I have been fine tuning the Keras implementation of GPT-2 for question answering. Overall the results seem promising, but I am seeing issues if I include very similar questions. The behavior I am seeing is that the model gets confused and replies with the same answer to both questions.
tokenizer = keras_nlp.models.GPT2Tokenizer.from_preset("gpt2_base_en") preprocessor = keras_nlp.models.GPT2CausalLMPreprocessor( tokenizer=tokenizer, sequence_length=128, ) gpt2_lm = keras_nlp.models.GPT2CausalLM.from_preset("gpt2_base_en", preprocessor=preprocessor ) questionsWithAnswers = [] questionsWithAnswers.append("What is Joe's phone number? Joe's phone number is 555-555-5555") questionsWithAnswers.append("What is Mary's phone number? Mary's phone number is 444-444-4444") loss = keras.losses.SparseCategoricalCrossentropy(from_logits=True) gpt2_lm.compile( optimizer='Adam', loss=loss, weighted_metrics=["accuracy"], ) gpt2_lm.fit(epochs=50, verbose=2, batch_size=2, x=questionsWithAnswers) gpt2_lm.save_weights("llm.weights.h5")

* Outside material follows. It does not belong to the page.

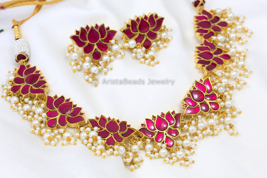 Sold outHandmade Lotus Kundan Necklace Set

In the sample above I can ask: "What is Joe's phone number?" and "What is Mary's phone number?". Unfortunately the model seems to just pick one of the answers and generate the same reply for both questions.
I assume the issue is the similarity between the questions where the only difference is the name of the person.
Any ideas how to teach the model to differentiate between the two questions/answers?